> [Action item]
Could you restate the data below word for word, without its pictures?

> [Dataset extract]
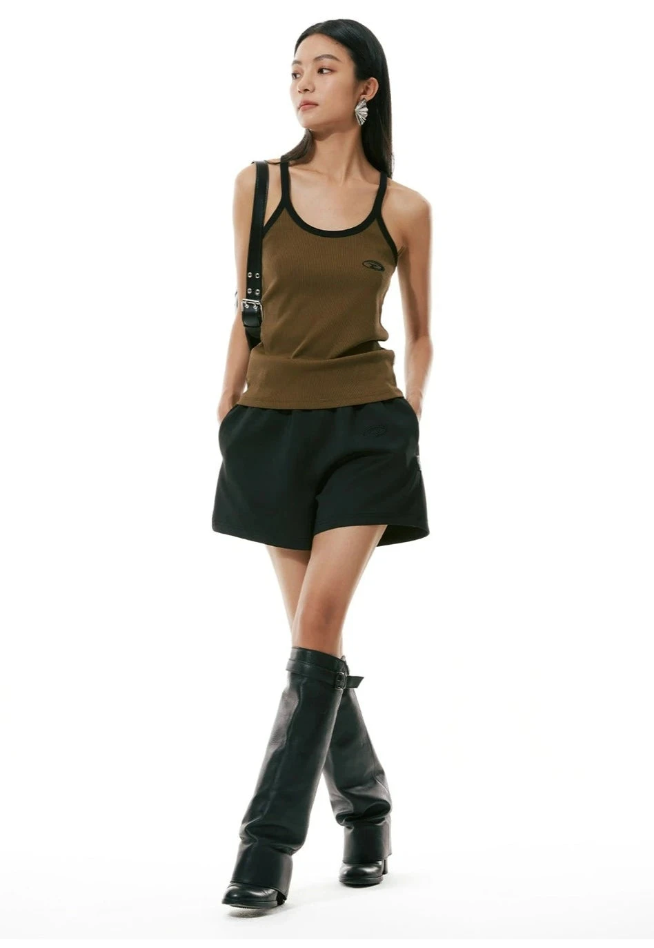 Constructed with a premium blend of 94% polyester and 6% spandex, these shorts are tailored to be both durable and flexible, accommodating your on-the-go lifestyle. The flare cut and subtle embroidery detail embody a nonchalant elegance, while the elastic waistband ensures a perfect and comfortable fit. Ideal for those seeking a blend of edgy sophistication and relaxed wearability.
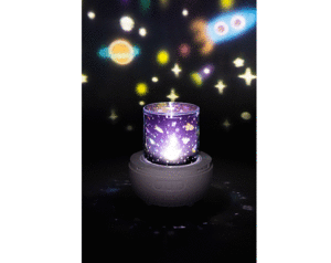 Las imágenes de proyección se pueden cambiar desenroscando y levantando la pantalla para cambiar la película ubicada dentro de la base transparente. Hay 3 historias incluidas: fondo marino, planetas y flores.
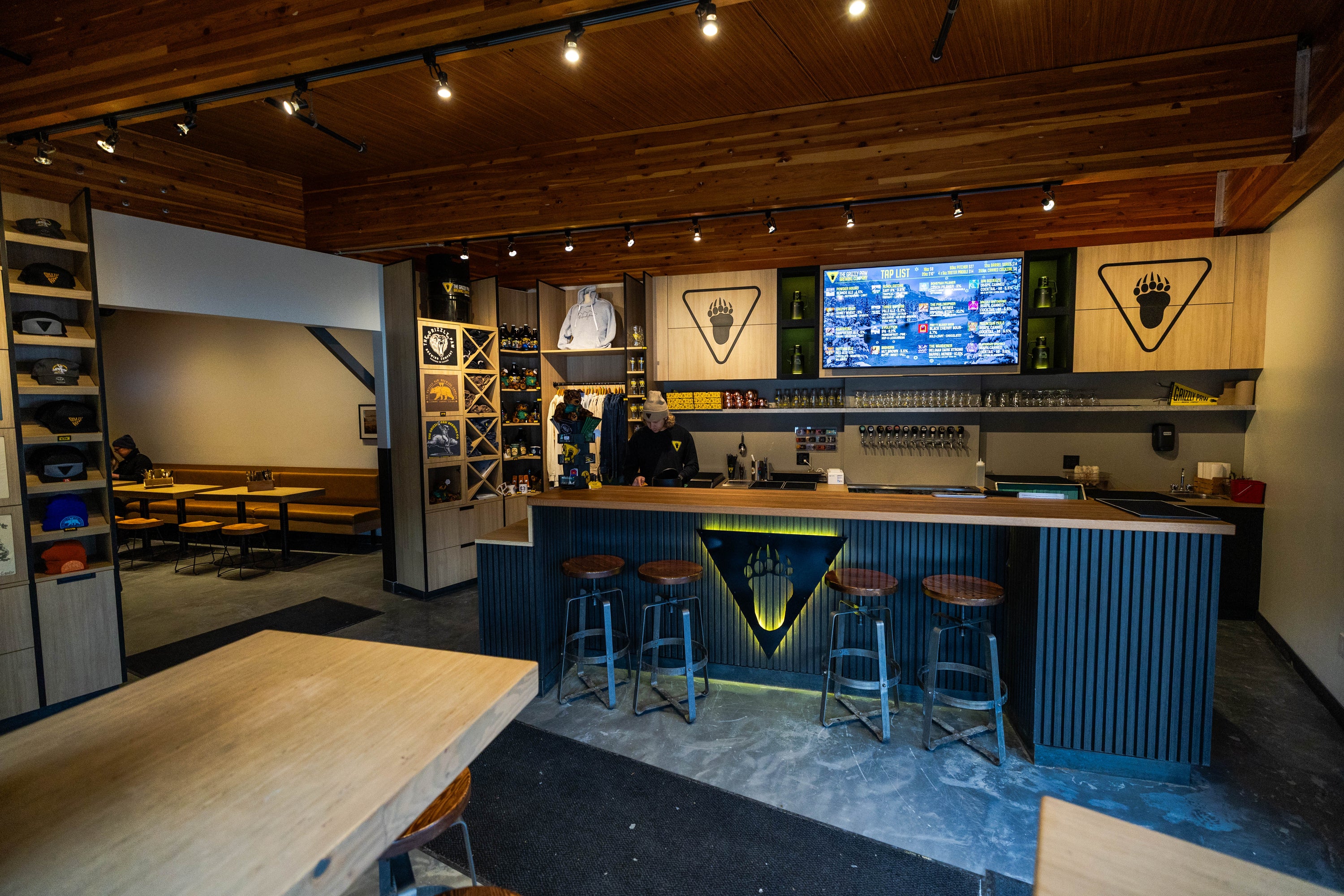 At The Grizzly Paw Taproom, enjoy a hospitality experience that goes beyond any typical brewery "Tap Room". Savor draught beer, sodas, and canned cocktails. Grab chilled cans for adventures or fill up a growler. Explore seasonal merchandise – from pint glasses to cozy sweaters. Our vibe is casual yet pro, with a team ready to serve you on our year-round patio or in our cozy nook with board games. Note: dogs are only permitted on the outside perimeter of the patio where we have comfy mats and water bowls.

> [Answer below]
 Constructed with a premium blend of 94% polyester and 6% spandex, these shorts are tailored to be both durable and flexible, accommodating your on-the-go lifestyle. The flare cut and subtle embroidery detail embody a nonchalant elegance, while the elastic waistband ensures a perfect and comfortable fit. Ideal for those seeking a blend of edgy sophistication and relaxed wearability.
 Las imágenes de proyección se pueden cambiar desenroscando y levantando la pantalla para cambiar la película ubicada dentro de la base transparente. Hay 3 historias incluidas: fondo marino, planetas y flores.
 At The Grizzly Paw Taproom, enjoy a hospitality experience that goes beyond any typical brewery "Tap Room". Savor draught beer, sodas, and canned cocktails. Grab chilled cans for adventures or fill up a growler. Explore seasonal merchandise – from pint glasses to cozy sweaters. Our vibe is casual yet pro, with a team ready to serve you on our year-round patio or in our cozy nook with board games. Note: dogs are only permitted on the outside perimeter of the patio where we have comfy mats and water bowls.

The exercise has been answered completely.